Hybridizations and Data Analyses
A cDNA Mouse Chip (NIEHS Mouse Chip version 1.0), developed in-house at NIEHS, was used for gene expression profiling experiments. A complete listing of the genes on this chip is available at the following web site: http://dir.niehs.nih.gov/microarray/chips.htm. cDNA microarray chips were prepared according to DeRisi et al. (56). The spotted cDNAs were derived from a collection of sequence verified IMAGE clones that covered the 5' end of the gene and ranged in size from 500-2000 bp (Incyte Genomics, Palo Alto, CA). M13 primers were used to amplify insert cDNAs from purified plasmid DNA in a 100-µl PCR mixture. A sample of the PCR products (10 µl) was separated on 2% agarose gels to ensure quality of the amplifications. The remaining PCR products were purified by ethanol precipitation, resuspended in ArrayIt Spotting Solution Plus buffer (Telechem, San Jose, CA) and spotted onto poly-L-lysine coated glass slides using a modified, robotic DNA arrayer (Beecher Instruments, Bethesda, MD). Each total RNA sample (10 µg) was labeled with Cyanine (Cy) 3- or Cy5-conjugated deoxyuridine triphosphate (Amersham, Piscataway, NJ) by a reverse transcription reaction using the reverse transcriptase, SuperScript (Invitrogen, Carlsbad, CA), and oligo-deoxythymidine primers (Amersham). The fluorescently labeled cDNAs were mixed and hybridized simultaneously to the cDNA microarray chip. Each RNA pair was hybridized to at least four arrays, employing a fluor reversal accomplished by labeling the control sample with Cy3 in two hybridizations and with Cy5 in the other two hybridizations. The cDNA chips were scanned with either an Axon Scanner (Axon Instruments, Foster City, CA) or an Agilent Scanner (Agilent Technologies, Wilmington, DE) using independent laser excitation of the two fluors at 532- and 635-nm wavelengths for the Cy3 and Cy5 labels, respectively.

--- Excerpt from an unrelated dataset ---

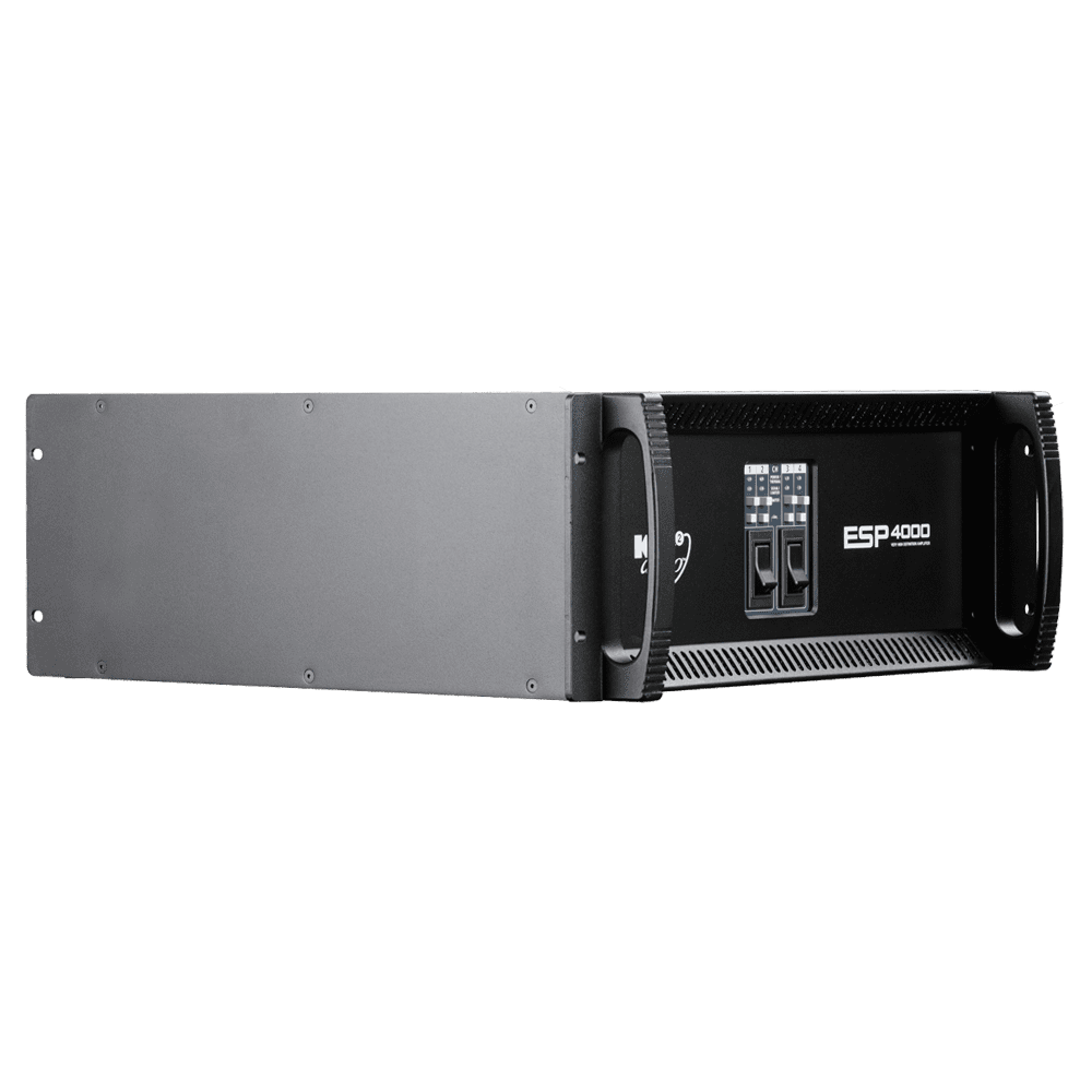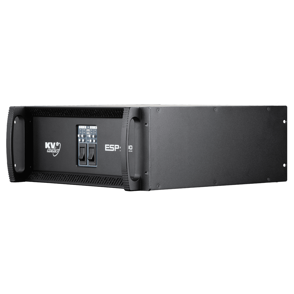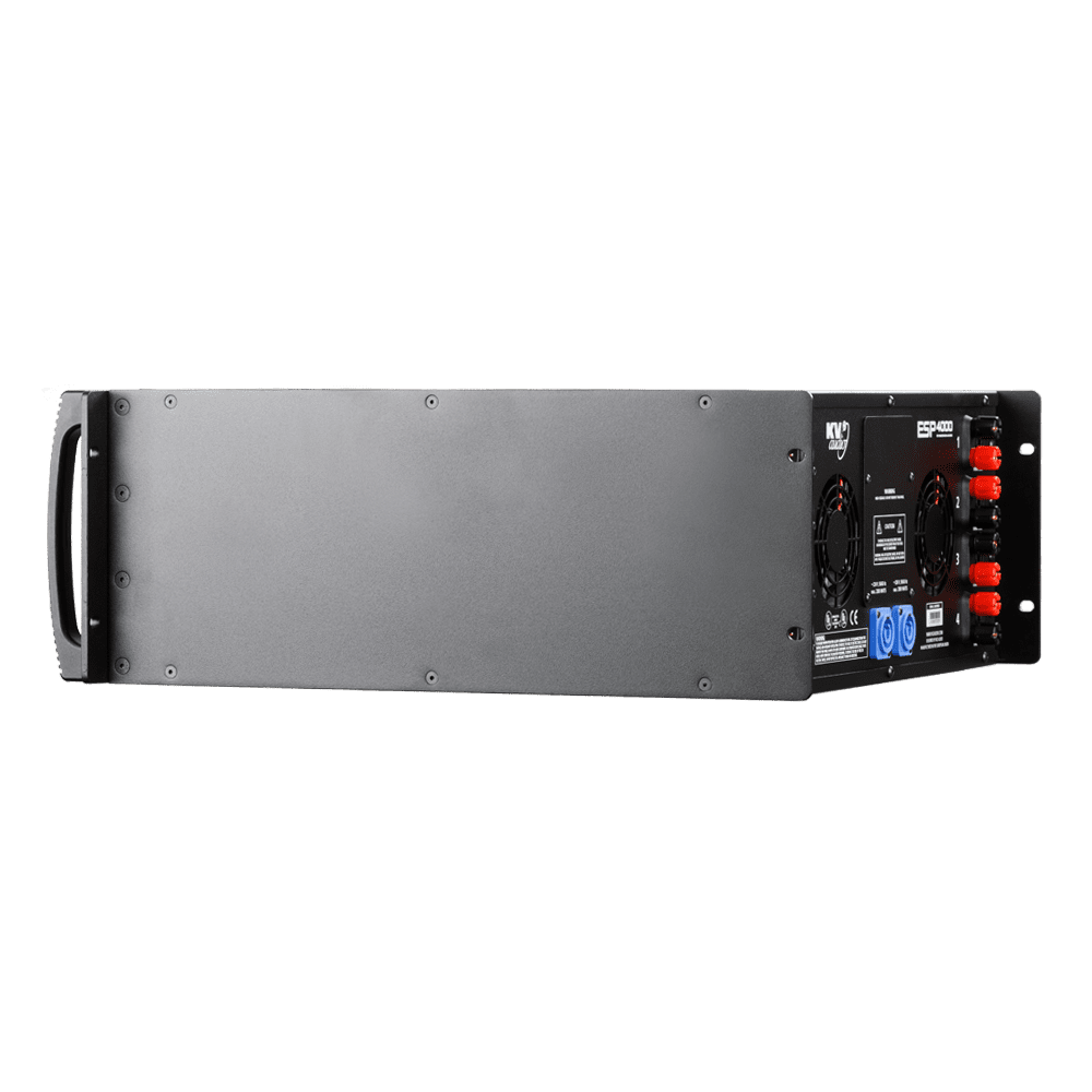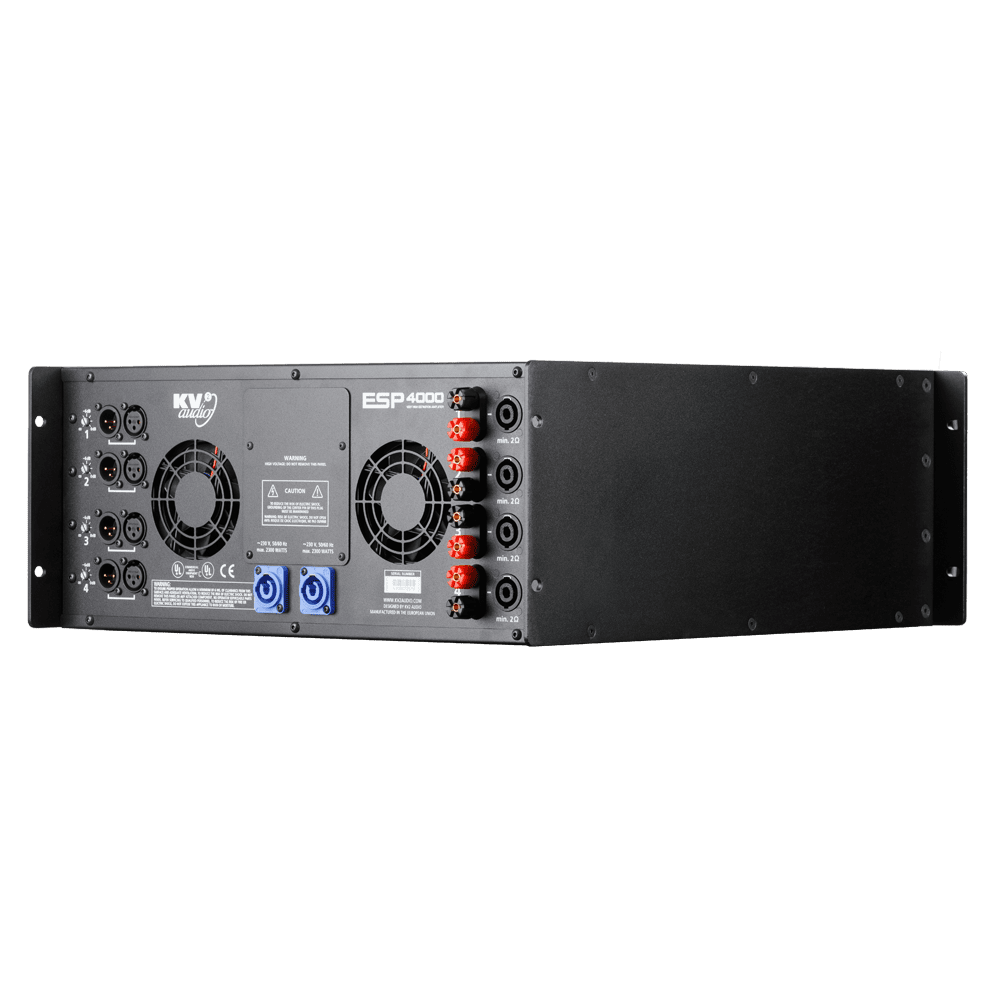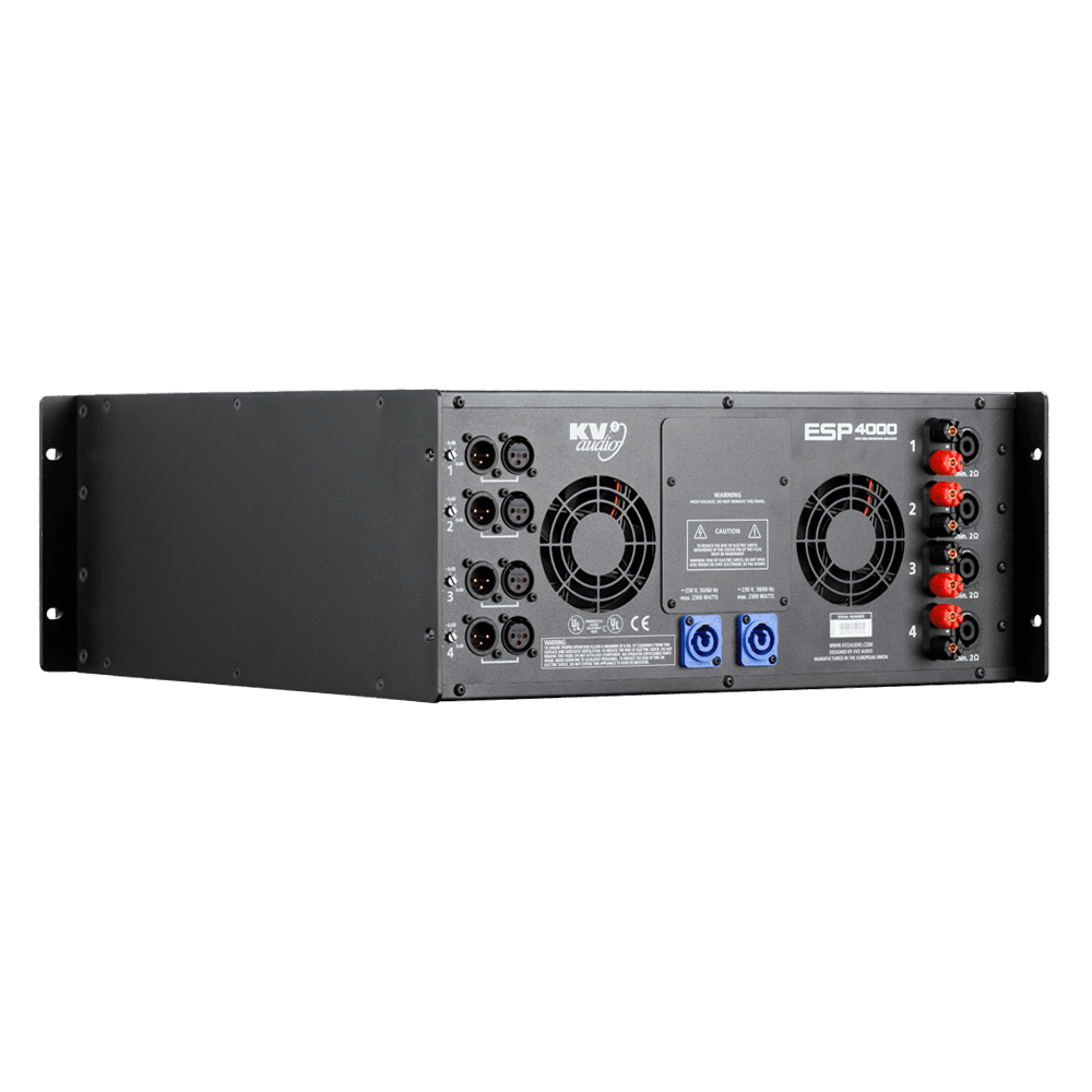 The ESP4000 is an ultra high definition 4 channel rack mountable power amplifier from KV2 Audio, specifically designed for optimised performance with ESD loudspeakers, as well as with other passive systems. For the ESP4000 all electronic circuit boards are first mounted on individual aluminium heat sinks, then on a secondary, internally sealed chassis, this leaves only the heatsink fins exposed. Two separate power supplies ensure increased reliability and continuous delivery of full power. Two shock mounted fans move air across the fins but never directly across the electronic components. This minimises maintenance cycles and improves the components lifespan and and reliability. The ESP4000 is housed in a professional 4U road rugged steel metal case with aluminium handles and evenly distributed weight.

The raw pixel intensity images were analyzed using the ArraySuite version 2.0 extensions of the IPLab image processing software package (Scanalytics, Fairfax, VA). This program uses methods that were developed and previously described by Chen et al. (57) to locate targets on the array, measure local background for each target and subtract it from the target intensity value, and to identify differentially expressed genes using a probability-based method. The data were filtered to provide a cut off at the intensity level just above the buffer blank measurement values to remove from further analyses those genes having one or more intensity values in the background range. After pixel intensity, determination and background subtraction, the ratio of the intensity of the treated cells to the intensity of the control was calculated using Chen’s method (57). Genes having normalized ratio intensity values outside of a 99% confidence interval were considered significantly differentially expressed. The lists of differentially expressed genes at the 99% confidence levels were created and deposited into the NIEHS Microarray Project System database (58). Any of these genes that indicated fluor bias or high variation were not considered for further analysis, and genes that were represented in 75% of the hybridization replicates were compiled for clustering. Clustering was conducted using the algorithm provided by Eisen (59).

The entire data are available at the web site http://dir.niehs.nih.gov/microarray/hewitt/.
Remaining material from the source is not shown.